For my first thesis, I spend hours comparing taxonomy and spelling with books and online databases. Luckily these days are over - thanks to some recent R packages. Take for example the taxonstand package in R.
Installation: taxonstand is available on CRAN and can be installed directly from R:
> install.packages("taxonstand")
Data cleaning with taxonstand
Let's create a short taxon string.
To keep things simple, we omit any typos and author names:
> spec1 <- c("Stipa capillata",
+ "Salvia tortuosa",
+ "Bryum capillare")
Load taxonstand and use the TPL() function:
> require(Taxonstand)
>TPL(spec1)
## [1] "0 substitutions of standard annotations in specific epithet" ## [1] "0 substitutions of subsp. and var. in infraspecific epithet"
## Genus Species Abbrev Infraspecific Plant.Name.Index TPL_version ## 1 Stipa capillata <NA> TRUE 1.1
## 2 Salvia tortuosa <NA> TRUE 1.1
## 3 Bryum capillare <NA> TRUE 1.1
## Taxonomic.status Family New.Genus New.Species New.Infraspecific
## 1 Accepted Poaceae Stipa capillata
## 2 Accepted Lamiaceae Salvia tortuosa
## 3 Synonym Bryaceae Ptychostomum capillare
## Authority Typo WFormat
## 1 L. FALSE FALSE
## 2 Kunth FALSE FALSE
## 3 (Hedw.) D. T. Holyoak & N. Pedersen FALSE FALSE
In my first string, taxonstand recognized all names and split them successfully into a genus and epithet name. It provided matching family names which is a nice feature. According to TPL (or more correctly: The Plant List), the accepted name for 'Bryum capillare' should be 'Ptychostomum capillare'.
Now, let's make things are little bit more complicated by introducing (unnecessary) author names and spelling mistakes, both in the genus name ('Saalvia' and 'Bryuum') and epithet ('tortuuosa).
> spec2 <- c("Stipa capillata L.",
+ "Salvia tortuuosa",
+ "Saalvia tortuosa",
+ "Bryuum capillare",
+ corr=TRUE)
require(Taxonstand)
TPL(spec2, corr=TRUE)
## [1] "0 substitutions of standard annotations in specific epithet" ## [1] "0 substitutions of subsp. and var. in infraspecific epithet"
## Genus Species Abbrev Infraspecific Plant.Name.Index TPL_version
## 1 Stipa capillata <NA> L. TRUE 1.1
## 2 Salvia tortuuosa <NA> TRUE 1.1
## 3 Saalvia tortuosa <NA> FALSE 1.1
## 4 Bryuum capillare <NA> FALSE 1.1
## 5 TRUE NA <NA> FALSE 1.1
## Taxonomic.status Family New.Genus New.Species New.Infraspecific
## 1 Accepted Poaceae Stipa capillata
## 2 Accepted Lamiaceae Salvia tortuosa
## 3 Saalvia tortuosa NA
## 4 Bryuum capillare NA
## 5 TRUE NA NA
## Authority Typo WFormat
## 1 L. FALSE FALSE
## 2 Kunth TRUE FALSE
## 3 FALSE FALSE
## 4 FALSE FALSE
## 5 FALSE FALSE
In my second string, taxonstand successfully removed an author name (in 'Stipa capillata L.'). Interestingly, it saved the author name as an 'Infraspecific' value.

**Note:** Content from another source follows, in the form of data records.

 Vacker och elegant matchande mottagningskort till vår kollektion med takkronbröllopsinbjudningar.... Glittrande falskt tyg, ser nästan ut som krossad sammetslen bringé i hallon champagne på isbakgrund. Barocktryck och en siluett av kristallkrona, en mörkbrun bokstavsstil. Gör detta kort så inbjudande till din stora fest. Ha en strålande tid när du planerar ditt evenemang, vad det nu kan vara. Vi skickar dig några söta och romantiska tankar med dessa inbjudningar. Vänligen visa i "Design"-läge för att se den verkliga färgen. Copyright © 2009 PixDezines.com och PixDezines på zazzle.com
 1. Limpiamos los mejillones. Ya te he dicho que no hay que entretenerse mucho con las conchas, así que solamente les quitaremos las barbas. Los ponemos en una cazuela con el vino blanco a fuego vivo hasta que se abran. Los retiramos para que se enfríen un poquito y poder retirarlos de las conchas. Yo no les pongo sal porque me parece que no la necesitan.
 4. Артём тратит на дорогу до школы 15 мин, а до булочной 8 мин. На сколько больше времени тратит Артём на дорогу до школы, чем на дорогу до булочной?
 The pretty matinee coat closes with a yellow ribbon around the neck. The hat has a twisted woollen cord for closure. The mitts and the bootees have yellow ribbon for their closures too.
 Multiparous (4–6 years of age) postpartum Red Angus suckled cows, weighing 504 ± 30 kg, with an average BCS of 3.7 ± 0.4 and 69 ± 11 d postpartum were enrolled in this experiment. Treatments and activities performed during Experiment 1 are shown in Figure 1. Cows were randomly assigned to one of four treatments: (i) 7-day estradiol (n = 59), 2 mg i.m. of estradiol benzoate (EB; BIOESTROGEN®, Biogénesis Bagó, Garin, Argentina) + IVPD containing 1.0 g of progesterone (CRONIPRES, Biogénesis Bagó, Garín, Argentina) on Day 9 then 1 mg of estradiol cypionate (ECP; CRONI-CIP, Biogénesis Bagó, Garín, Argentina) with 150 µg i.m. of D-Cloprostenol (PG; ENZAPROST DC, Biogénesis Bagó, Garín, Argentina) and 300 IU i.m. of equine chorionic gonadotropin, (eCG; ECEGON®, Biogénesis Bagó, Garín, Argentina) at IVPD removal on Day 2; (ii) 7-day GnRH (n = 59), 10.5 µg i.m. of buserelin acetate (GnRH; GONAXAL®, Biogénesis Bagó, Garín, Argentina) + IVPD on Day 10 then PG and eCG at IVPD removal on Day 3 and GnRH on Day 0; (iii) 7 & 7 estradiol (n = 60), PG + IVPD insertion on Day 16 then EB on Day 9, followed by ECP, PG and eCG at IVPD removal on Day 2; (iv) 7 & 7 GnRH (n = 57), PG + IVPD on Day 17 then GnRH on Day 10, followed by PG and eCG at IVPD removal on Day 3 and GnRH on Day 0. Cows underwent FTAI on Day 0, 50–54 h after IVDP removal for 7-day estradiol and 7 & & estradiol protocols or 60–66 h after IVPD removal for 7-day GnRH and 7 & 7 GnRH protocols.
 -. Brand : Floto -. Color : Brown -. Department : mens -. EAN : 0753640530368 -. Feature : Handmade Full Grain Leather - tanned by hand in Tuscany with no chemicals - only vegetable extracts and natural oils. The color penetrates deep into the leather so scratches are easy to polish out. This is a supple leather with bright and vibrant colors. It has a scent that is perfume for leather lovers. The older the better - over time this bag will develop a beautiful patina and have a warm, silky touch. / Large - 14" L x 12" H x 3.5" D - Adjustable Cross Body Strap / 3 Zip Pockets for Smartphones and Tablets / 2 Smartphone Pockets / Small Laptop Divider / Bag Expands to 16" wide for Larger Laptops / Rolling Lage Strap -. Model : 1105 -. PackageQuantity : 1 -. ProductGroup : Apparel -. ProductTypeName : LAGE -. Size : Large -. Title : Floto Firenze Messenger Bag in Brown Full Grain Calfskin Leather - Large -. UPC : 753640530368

However, it only recognized one of my three typos. My typo in the species epithet was corrected (in 'tortuuosa'). However, the two typos in the genus name remained unrecognized. In this case, taxonstand just recycled the unrecognized names in columns $New.Genus and $New.Species.
According to Louis Cayuela, this is not the fault of taxonstand but rather of The Plant List. Taxonstand accesses information from the front end of The Plant List. This means basically it extracts the same information as an online user of The Plant List does. For example, if you use the online search field in The Plant List and include a spelling mistake in your species epithet, The Plant List will offer you all species names in the respective genus. Enter a spelling mistake in the genus and you will not get any hits at all.
By the way, you can merge the new genus and species names by using paste:
TPL_spec1 <- TPL(spec1)
## [1] "0 substitutions of standard annotations in specific epithet"
## [1] "0 substitutions of subsp. and var. in infraspecific epithet"
new.names <- paste(TPL_spec1$New.Genus, TPL_spec1$New.Species) new.names
## [1] "Stipa capillata" "Salvia tortuosa" ## [3] "Ptychostomum capillare"
In summary, taxonstand is a nice little package that might help you to clean and standardize your taxon names. But beware of its minor limitations.